An exact copy of every entry is needed, with no images.

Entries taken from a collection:
____

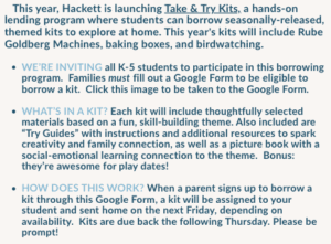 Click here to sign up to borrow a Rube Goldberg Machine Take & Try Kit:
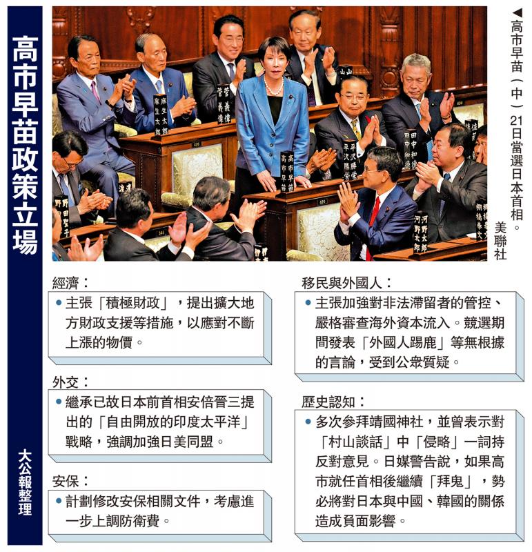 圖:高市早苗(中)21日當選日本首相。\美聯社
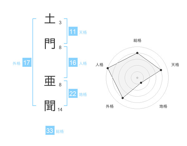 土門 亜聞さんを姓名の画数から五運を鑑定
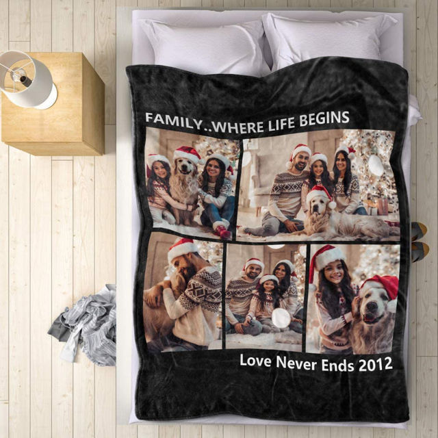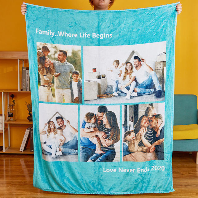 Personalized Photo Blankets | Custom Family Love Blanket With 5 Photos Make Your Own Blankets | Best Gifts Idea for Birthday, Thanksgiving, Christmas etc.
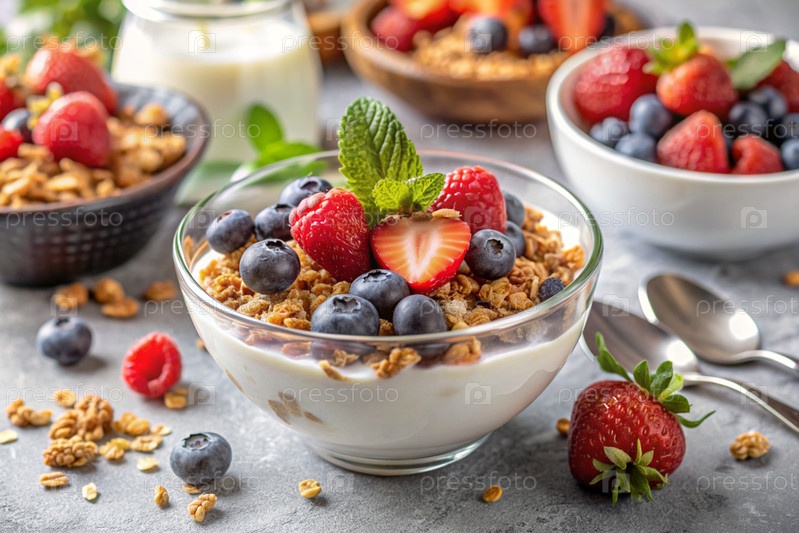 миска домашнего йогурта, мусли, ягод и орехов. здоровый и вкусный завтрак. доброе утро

____

# Task output:
 Click here to sign up to borrow a Rube Goldberg Machine Take & Try Kit:
 圖:高市早苗(中)21日當選日本首相。\美聯社
 土門 亜聞さんを姓名の画数から五運を鑑定
 Personalized Photo Blankets | Custom Family Love Blanket With 5 Photos Make Your Own Blankets | Best Gifts Idea for Birthday, Thanksgiving, Christmas etc.
 миска домашнего йогурта, мусли, ягод и орехов. здоровый и вкусный завтрак. доброе утро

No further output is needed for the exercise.